Copies of the enrolment papers for every Orcadian who worked for the Hudson’s Bay Company between 1780-1911 have just been gifted to the archive department of the Orkney Library.

The records, which span more than a century, are contained on 34 rolls of microfilm and have been sent across from the Hudson’s Bay Company Archives based at Winnipeg in Manitoba.

The main point of contact between the Canadian authorities and Orkney is local assistant archivist, Mr Phil Astley.

He spent six weeks in Manitoba last year carrying out research into the role that Orcadians played in the development of the Hudson’s Bay Company and, consequently, the opening up of Canada.

Mr Astley told The Orcadian: “One of the really interesting things about the Hudson’s Bay Company Archives is that they are regarded as archives of the nation of Canada, because it was so fundamental in the opening up of the country. The company is the largest corporate landowner the world has ever known. They had trading posts right up into the Arctic and throughout Canada, but also all along the western seaboard of the United States, even in Hawaii.

Phil Astley

Assistant archivist at the Orkney Library, Phil Astley, examines one of the 34 rolls of microfilm which have been gifted to Orkney by the Hudson's Bay Company Archives containing the enrolment contracts for more than 10,000 individuals who signed up to work for the company between 1780 and 1911, many of whom were Orcadian.
(www.orkneyphotographic.co.uk)

“These records give a complete run of the servants who worked for the company from the late 18th century to the early 20th century at a time when a lot of Orcadians joined up. The contract documents show the names of the persons who signed up and a lot of them give the name of the farm or place that they came from in Orkney. The standard length of a contract with the Hudson’s Bay Company was for five years, but quite often people stayed on longer. The contracts also indicate what duty the person had signed up for.”

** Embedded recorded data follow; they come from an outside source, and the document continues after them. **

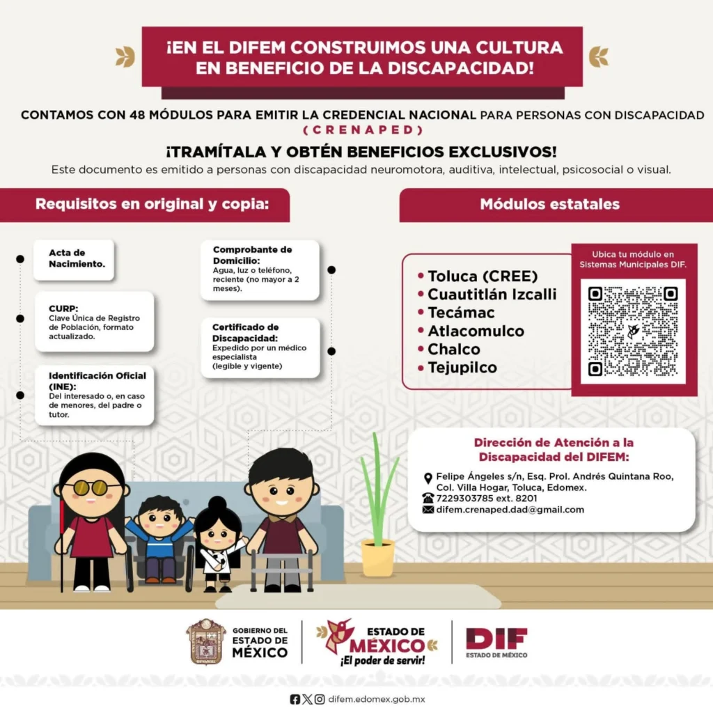 Actualmente operan 48 módulos de expedición en coordinación con los Sistemas Municipales DIF, ubica el tuyo en: https://difem.edomex.gob.mx/sites/difem.edomex.gob.mx/files/files/DIFEM/PDFs/Direct_%20CRENAPED_EdoMex_2025.pdf
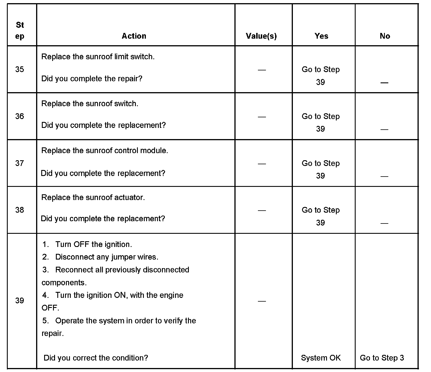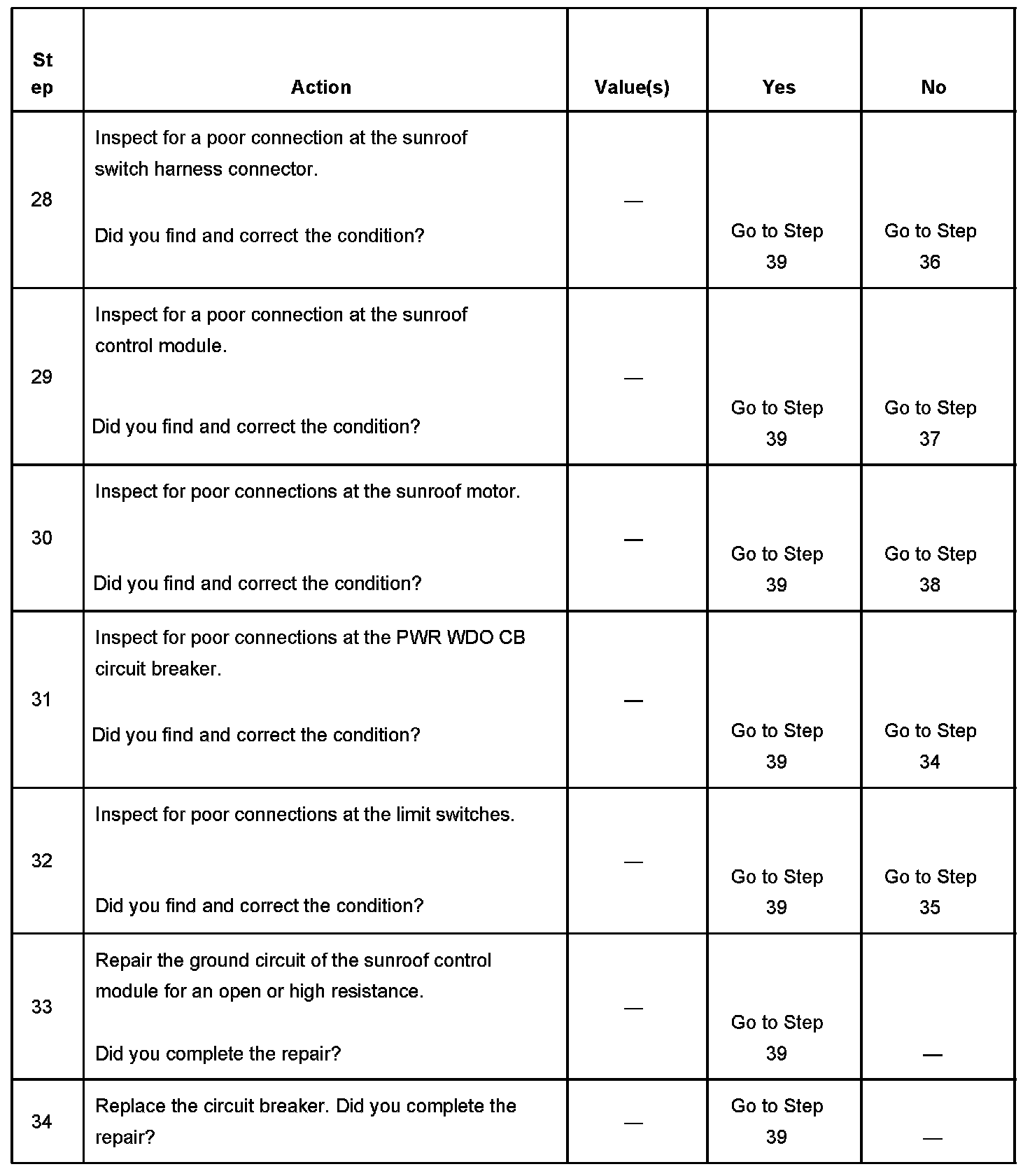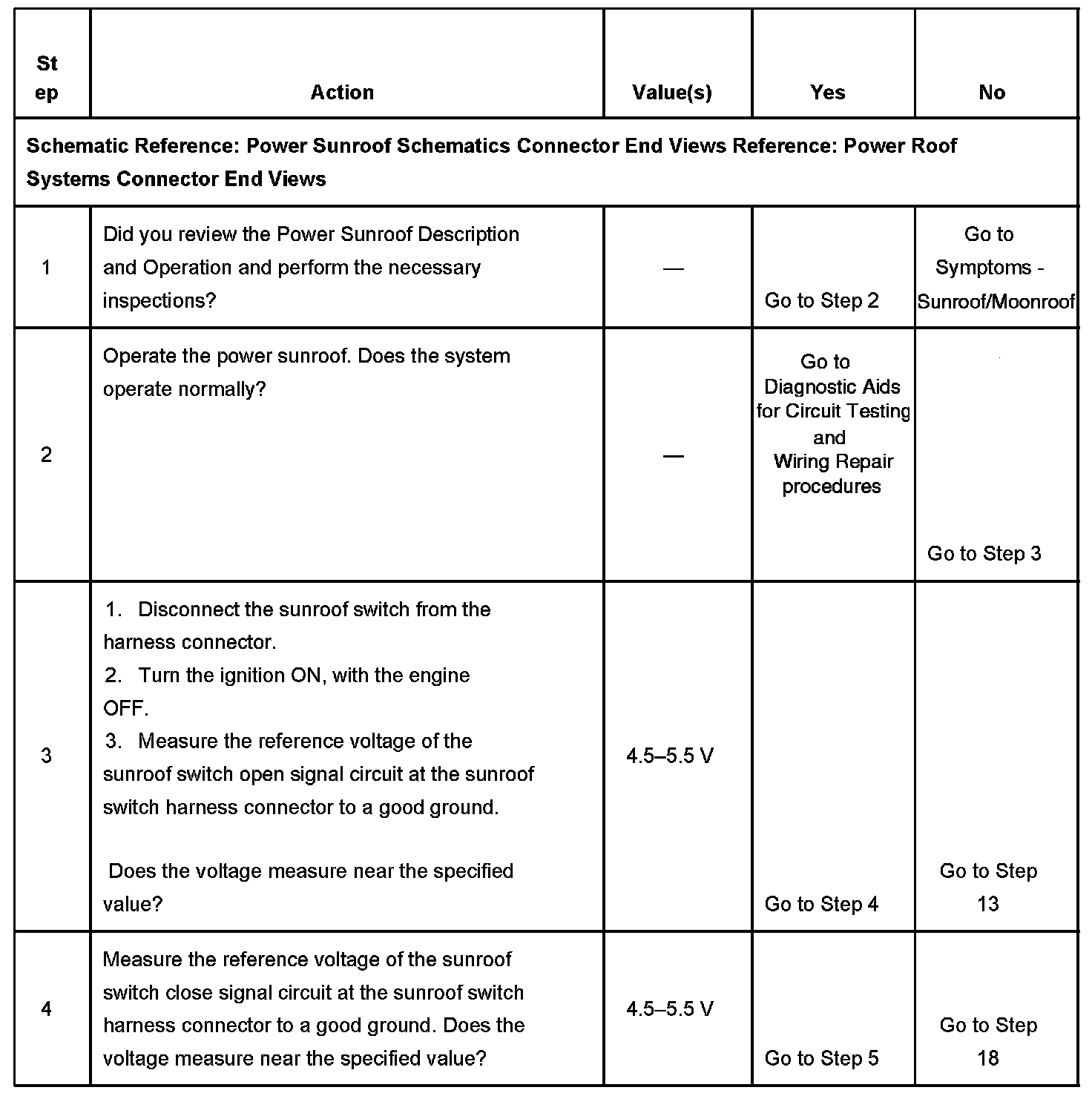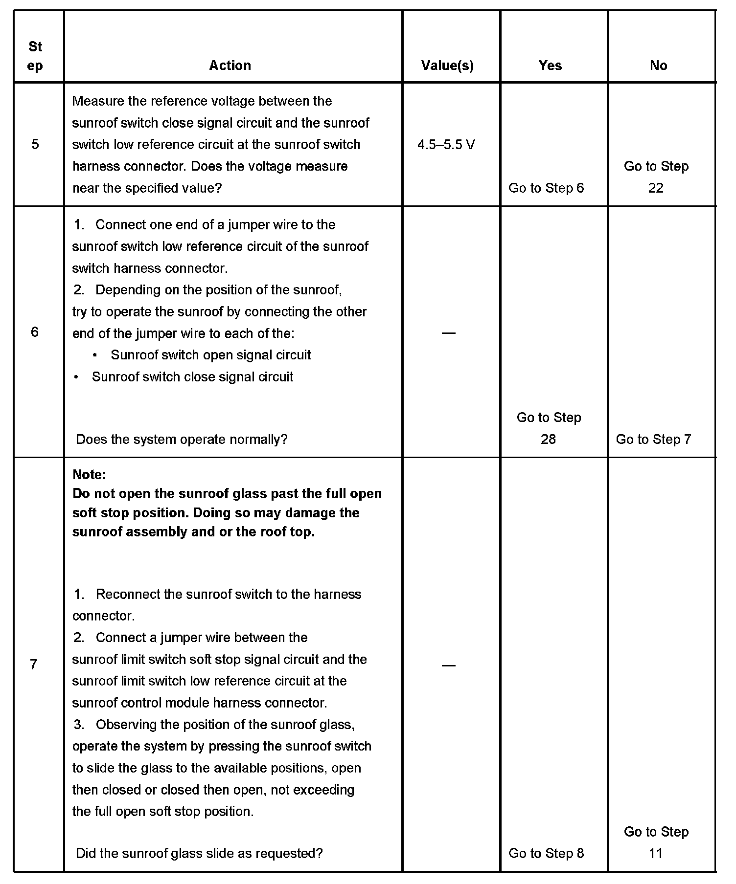 7. Using a jumper wire to jump between the sunroof limit switch soft stop signal circuit and the sunroof limit switch low reference circuit, will simulate that the sunroof glass is in a position other than close or full open position. This will allow any request from the sunroof switch to supply an output to drive the sunroof motor for testing the status of the limit switches.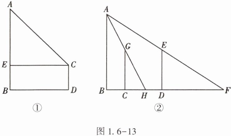 (2)我国古代数学家赵爽利用影子对物体进行测量的方法至今仍有借鉴意义. 如图 1.6 - 13②,现将一高度为 2 米的木杆 CG 放在灯杆 AB 前,测得其影长 CH 为 1 米,再将木杆沿着 BC 方向移动 1.8 米至 DE 的位置,此时测得其影长 DF 为 3 米,求灯杆 AB 的高度.

Phil Astley added that he had already copied quite a few documents from Orkney for the Provincial Archives in Manitoba, including a series of journals or diaries of J. W. Sinclair who had worked for the Hudson’s Bay Company on Baffin Island in Canada in the 1920s and 1930s.

He said that he was also in the process of writing something for the Hudson’s Bay Archives website about the connections with Orkney.

One example he used to illustrate the details contained in the archive involved a Mr John Pottinger from St Ola who had signed a contract with the Hudson’s Bay Company in 1862, in the office of their agent in Stromness, Mr Edward Clouston. Mr Pottinger had signed on as a labourer for five years, for which he would be paid the sum of £22 Sterling (vastly more than a farm labourer could expect for the same period of service). The contract was countersigned by two witnesses. Instructions were that Mr Pottinger should report to the Hudson’s Bay headquarters in Canada – York Factory – and proceed from there as directed.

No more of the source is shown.